Our phylogenetic analyses based on the FAFLP markers showed a star like distribution on an unrooted neighbor-joining network. Four clusters were evident and the largest cluster was populated mainly by English isolates. Further, affinity to Irish and Indo-European genogroups was also observed. These observations were also substantiated by other slow evolving markers such as ERIC and REP sequences. This denotes stable associations among the genogroups. Similarly, cluster analysis of bab B and glm M genes also revealed close associations within the European strains and with the Indian strains. However, homologies with East Asian and Amerindian strains were most noteworthy and were comparable to those shown by Irish strains [41]. This reflects ancient genetic events and possible oriental influences on the evolution of H. pylori in the English population. Such kinds of non-random genetic links of H. pylori may be helpful in understanding evolution of this organism and its clinical consequences in different parts of the world. These findings are in accordance with a recent study that demonstrated that Indian and European H. pylori isolates grouped in the same subpopulation and that East Asian and a subset of European isolates share an ancestral relationship and diverged from each other recently [27, 42]. The Asian strains, however, were distinctly separated from the European and western strains based on the cag A gene sequences except for a few strains that show remote similarity to the East Asian gene pool. We found only a single English strain (N115) that diverged significantly towards the Asian cluster and was recovered from a patient of Indo-Pakistani origin and thereby denotes contribution from the Asian gene pool.

Conclusion

In summary, our study demonstrated certain distinctive genetic features of the H. pylori gene pool in England based on genotypes of virulence genes and neutral markers. Important among these features is the genetic affinity towards East Asian strains. This is also probably the first comprehensive study on detailed, multilocus and multi method genotyping of H. pylori from England or elsewhere. The genomic profiles generated in this study may be useful for electronic archiving and retrieval for inter-laboratory comparison and are suitable for storage in epidemiological databases for comparative analyses. However, it will be necessary to analyze additional representative strains, especially from other European populations. Also, our study has largely been an examination of a specific (peptic ulcer disease) group of patient isolates and may not be reflective of other patient isolates from different disease stages in England. Future studies are therefore clearly needed to involve other disease specific strain groups. Further characterization of associations of such informative loci as we examined, in the gene pool of diverse strain groups and with varied disease spectrum may lead to newer insights into the mechanisms of H. pylori colonization, and virulence in different hosts.

Methods

Bacterial DNA preparations

Sixty-six DNA preparations using Nacl-CTAB method [43] from English H. pylori strains were obtained from the strains corresponding to patients reporting at the Queen's Medical Centre, Nottingham, UK. These strains were recovered from patients diagnosed with ulcer disease, having either current ulceration, past ulceration, evidence of scarring at endoscopy or erosions at endoscopy. More than half of these patients were taking acid suppression therapy. These strains were mainly from ethnic English people, although a few were from people originally from Russia (N90), China (N99), South Asia (N105, N115, N131) and Italy (N106) who had settled in the UK. Strains from other countries were taken from our international collection of genomic DNAs provided by our collaborators. Among these are strains from Spain (HupB, n = 7), Ireland (Ire, n = 14), Japan (Hu, n = 10), Peru (Sjm, n = 6), Sardinia (Sard, n = 2), India (MS, n = 1; L, n = 10; BJ, n = 1), Bangladesh (n = 2), Holland (n = 2), and S. Africa (R, n = 8).

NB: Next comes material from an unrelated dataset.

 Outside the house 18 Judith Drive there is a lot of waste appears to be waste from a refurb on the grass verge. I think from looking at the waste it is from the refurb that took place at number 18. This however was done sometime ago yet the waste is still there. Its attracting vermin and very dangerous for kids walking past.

Molecular genotyping and sequencing

Amplification of candidate gene loci including oip A, bab B, vac A middle region, cag A and glm M genes were carried out as described previously [44, 31, 41]. Purified PCR amplified products (QIAquick Gel extraction kit) were sequenced using the ABI Prism Big Dye Terminator Cycle Sequencing Reaction Kit (Applied Biosystems, Foster City, USA) in an ABI 3100 automated DNA sequencer.

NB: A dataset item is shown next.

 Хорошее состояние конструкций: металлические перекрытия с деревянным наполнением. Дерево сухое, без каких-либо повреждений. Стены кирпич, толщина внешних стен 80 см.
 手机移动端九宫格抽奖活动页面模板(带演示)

The ice A allele status was determined using oligonucleotide primers mentioned elsewhere [44]. The cag A, cag E and the cag T genes within the cag PAI were detected using 4 pairs of primers as mentioned earlier [7]. Analysis of rearrangements of the motifs at the right end of the cag A gene and towards the 3' end of the glutamate racemase gene (glr) were performed with seven different sets of primers as described previously [31]. PCR primers and procedures used for evaluating the presence of the plasticity region ORFs HP 912, JHP 926, JHP 931, JHP 944, JHP 945, JHP 947 and HP 986 have been described elsewhere [25]. The annealing temperatures for the ORFs HP912, JHP 926 and JHP 944 were standardized to 59, 57 and 66°C respectively for 1 min, followed by an extension at 72°C for 1 minute.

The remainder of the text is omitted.